1 An action we are obliged to perform out of respect for the moral law.

2 Kant describes immortality and the existence of God as ‘postulates’ to distinguish them from the ‘ideas’ of the soul and of God that rationalist metaphysics had made objects of theoretical proofs. These ‘postulates of practical reason’ are fundamental components in what Kant calls ‘moral faith’.

3 Kant famously said ‘Nothing in the world — indeed nothing even beyond the world — can positively be conceived which could be called good without qualification, except the good will.’ Here Kant is proposing that the only thing that is good in and of itself is the good will. The good will, then, is free from subjective needs or desires.

4 By this kind of imperative, Kant means that a command or maxim is applied conditionally. A classic example would be the maxim ‘If I want to lose weight, I must eat less.’ The only non-hypothetical imperatives are ones that tell you to do something no matter who you are or what you want, because the thing is good in itself.

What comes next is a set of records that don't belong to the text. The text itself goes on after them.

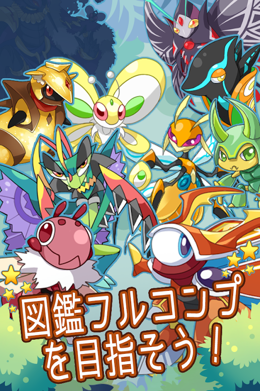 かわいいムシたちを捕まえて育てよう! シンプル操作バトルで空いた時間にサクッと楽しめます。バトル中にムシたちが進化!新感覚のゲームをどうぞお試しあれ!
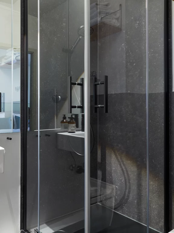 Ein weiteres ästhetisches Detail sind die Ablaufdeckel in der gewählten Farbe der Duschwanne, die flächenbündig mit der Standfläche abschließen und so für eine durchgängige und homogene Optik und ein angenehmes Begehgefühl unter der Dusche sorgen. Apropos: Die Duschwannen in der Farbe Flint ließ das Hotel zusätzlich mit dem rutschhemmenden Antirutsch Pro von Bette veredeln, um hier höchste Steh- und Gehsicherheit gemäß DIN 51097 (Bewertungsklasse B) und DIN 51130 (Bewertungsklasse R10) für seine Gäste zu gewährleisten. Die Ästhetik der mattfarbenen Glasur bleibt dabei makellos erhalten.
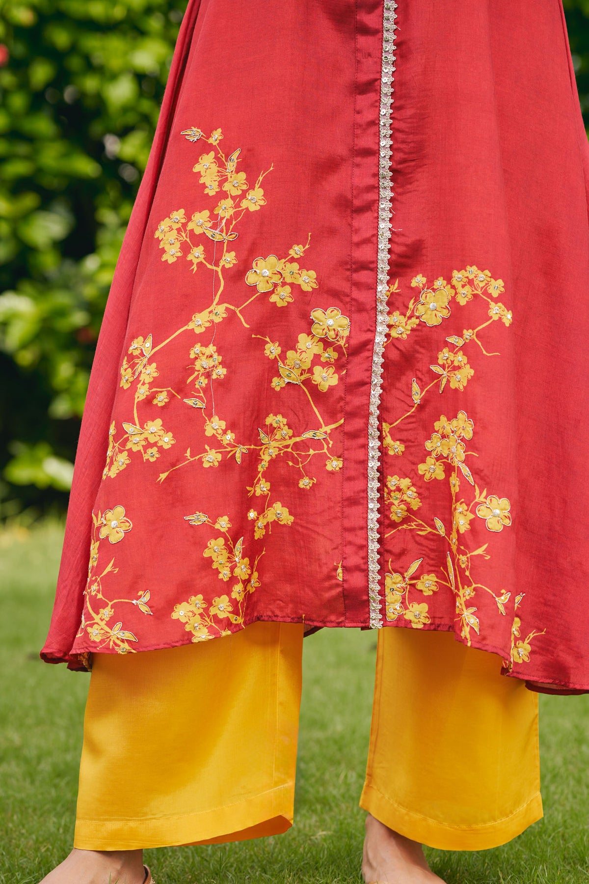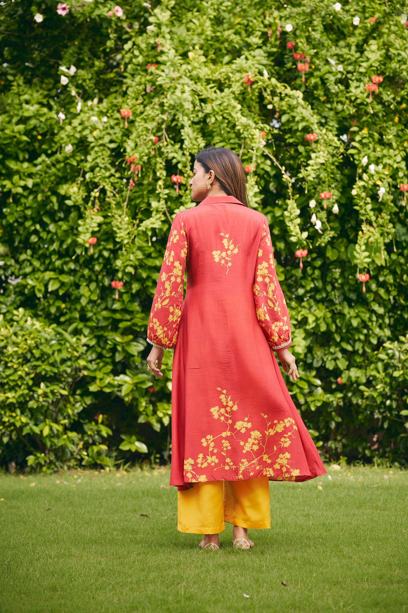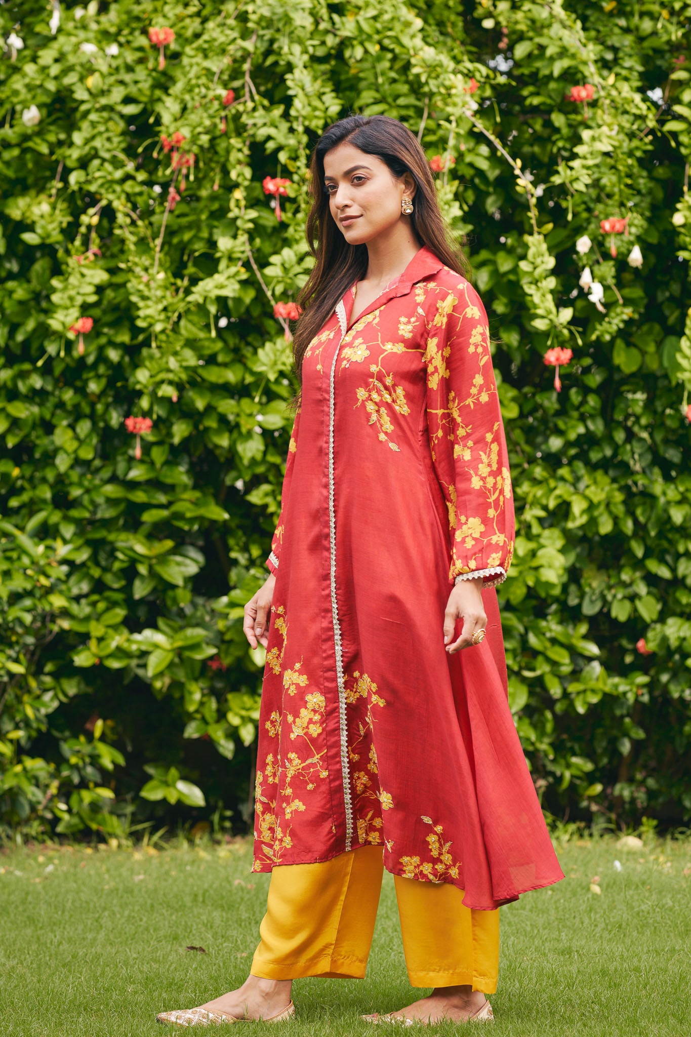 Floral Shirt Kurta Set With Inseam Pockets Long Puff Sleeves Emblissed With Lace, Dori And Sequience Paired With Solid Pants

5 In Kantian ethics, there is an unconditional moral law that applies to all rational beings and is independent of any personal motive or desire. This is why Kant’s concept of duty is important as it is through duty that we determine moral principles. It can also be expressed as the rule that one’s actions should be capable of serving as the basis of universal law.

6 Kant said ‘Two things fill the mind with ever new increasing admiration and awe…the starry heavens above me and the moral law within me.’ By this Kant is implying that, contained within every rational being, is a moral awareness with which we are born. It is innate and does not come from any outside agent.

7 In the first formulation of Kant’s categorical imperative he states, ‘act only in accordance with that maxim which you can at the same time will that it become a universal law of nature’. This can be seen as a summary of a decision process for moral reasoning.

8 a First, Kant suggests that a person describes an intended moral action through a maxim. That might be ‘I will never lie’ or ‘When it suits me I will lie’. At this stage we are still to find out whether or not it can become a universal law of nature.

b Here Kant wants the person making the moral decision to ask themselves what would happen if everyone did what they were planning, e.g. never tell a lie or lie when it suits them.

c Here we see whether or not it can become a law of nature by seeing what happens when it is universalised. Lying when it suits one can never be universalised, as communication would break down as no one would believe anything anyone else said. However, a world where no one ever lied could lead to a universal law of nature.